Betrayed: Sarah Mannering

On a bitterly cold February day in 1786, a carter drove into Hythe with a passenger, a ‘near perished’ young woman, heavily pregnant, whom, he said, he had found in a miserable state on the road from Dymchurch.

He took her to the home of the mayor, Henry Mercer.  She had only a few shillings on her and knew no-one in the town. Shocked, he called in the Overseers of the Poor, who arranged accommodation at the Duke’s Head inn for the woman, who gave her name as Sarah Mannering.  It would be weeks before she could tell them anything else, as she soon became ill with a fever which lasted twelve weeks, during which time her child was delivered stillborn.

The Duke’s Head, Hythe, closed now for some years

Finally, on 31 May, she told her story. She had been born Sarah Monk, in Essex. On 4 July 1784, in Romford, she married William Mannering. At that time, she was living in Purleigh and he in Upminster.

On 21 January 1786 he left her ‘to shift for herself’.  She kept the letter he sent soon afterwards, to show to the Overseers of the Poor. It reads:

To Sarah Mannering, Romford, Essex- Loving wife and child I write you this to let you know that I am Determined to go to the East Indies Immediately so I would have you Never think to see me no more. I would have you go to the Overseer and make him Carry you home. I am tired of my life in England and Therefore By God I will go to the East Indies Directly. I shall [en]list in the morning. May God attend you which shall be the Constant Prayer of your Disturbed husband which is ruined Forever.

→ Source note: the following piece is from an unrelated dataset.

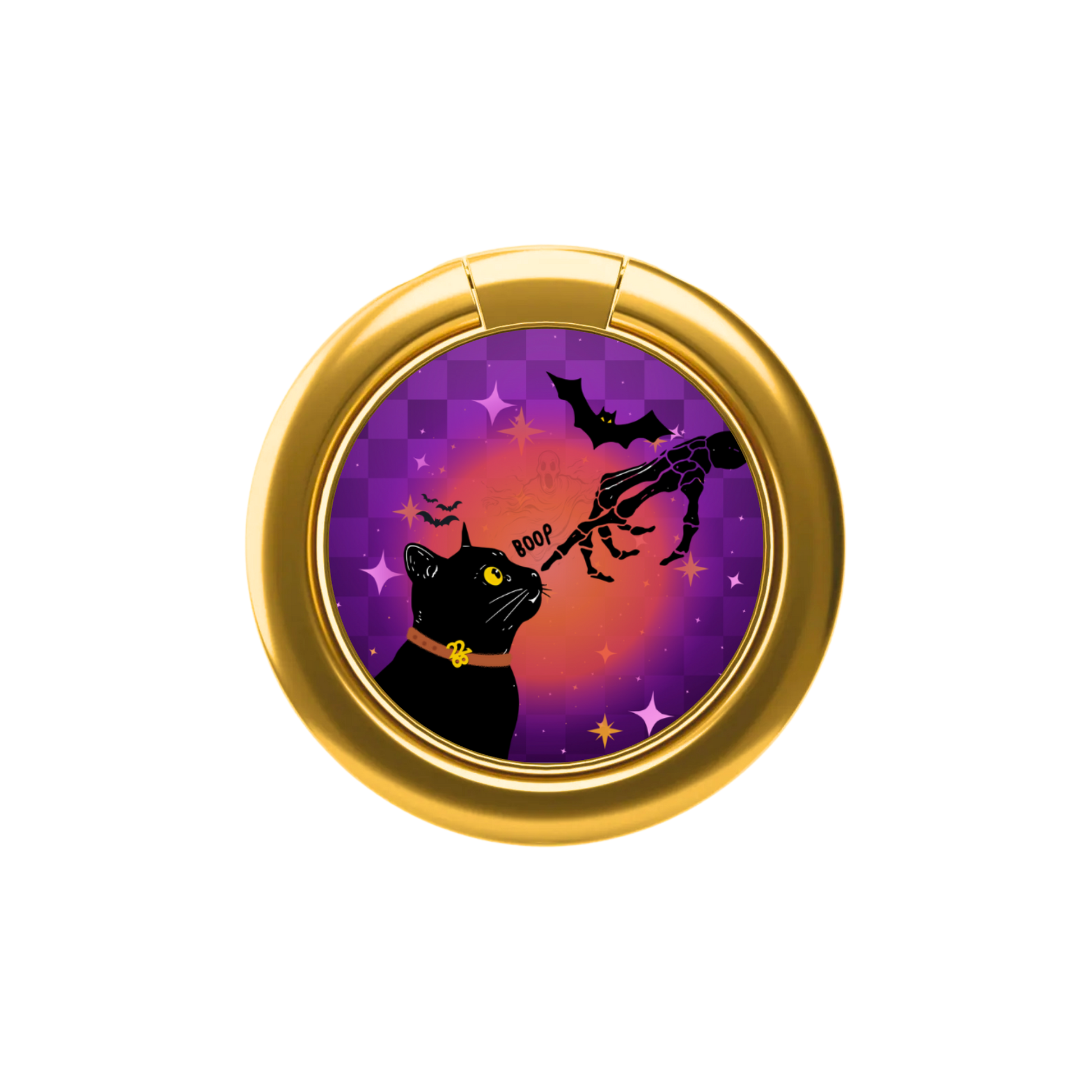 Spooky-cute and ready to boop your screen time. Our “Thrilla” Phone Ring serves black-cat energy with a neon twilight vibe—perfect for the lady on the go who loves Halloween year-round and coordinates accessories like it’s a sport. Adhere the ring to your fave case, flip the ring, and stream, text, or FaceTime hands-free while your phone sits pretty.

If I shall live to return again I will come to see you. Pray God Bless you and my Child forever.

From yours, William Mannering.

Presumably, since he was going to enlist and go to the ‘East Indies’, he was intending to join the army of the East India Company, which effectively governed the sub-continent. Whether he did or not, or just went away and changed his name, we cannot know, or why he considered himself to be ‘ruined’.

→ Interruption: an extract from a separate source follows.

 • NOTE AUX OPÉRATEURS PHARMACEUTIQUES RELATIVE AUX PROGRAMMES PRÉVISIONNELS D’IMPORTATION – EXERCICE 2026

William seems confident that the Overseers will take Sarah ‘home’ – perhaps to Purleigh – but he was ignorant in this respect of the Poor Law. When Sarah married him, his place of settlement became hers, too, even if she had never set foot there.

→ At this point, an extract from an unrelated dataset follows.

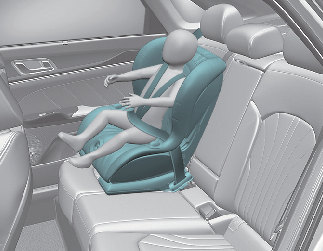يتيح نظام تثبيت الأطفال المتجه للخلف التثبيت مع وجود سطح المقعد قبالة ظهر الطفل. ويعمل نظام أحزمة التثبيت على تثبيت الطفل في مكانه، وفي حال وقوع حادث، يعمل على تثبيت الطفل في مكانه في أنظمة تثبيت الطفل ويحد من الضغط الواقع على العنق والحبل الشوكي الضعيف.

The 1662 Act of Settlement had established the tenet that everyone had a place of settlement where you could legally obtain Poor Law relief.  Further legislation in the 1690s said that you could gain a settlement through, birth, marriage, apprenticeship, regular employment for a period of a year, renting a house worth £10 per annum, paying parochial taxes, or serving as a parish office.  William had told Sarah that his place of settlement was Lydd on the Romney Marsh, though she did not know why.  Records do not show that he was born there, so presumably he must have have claimed to have been apprenticed there or worked there for a year. It is an unusual place for an Essex man to be sttled. 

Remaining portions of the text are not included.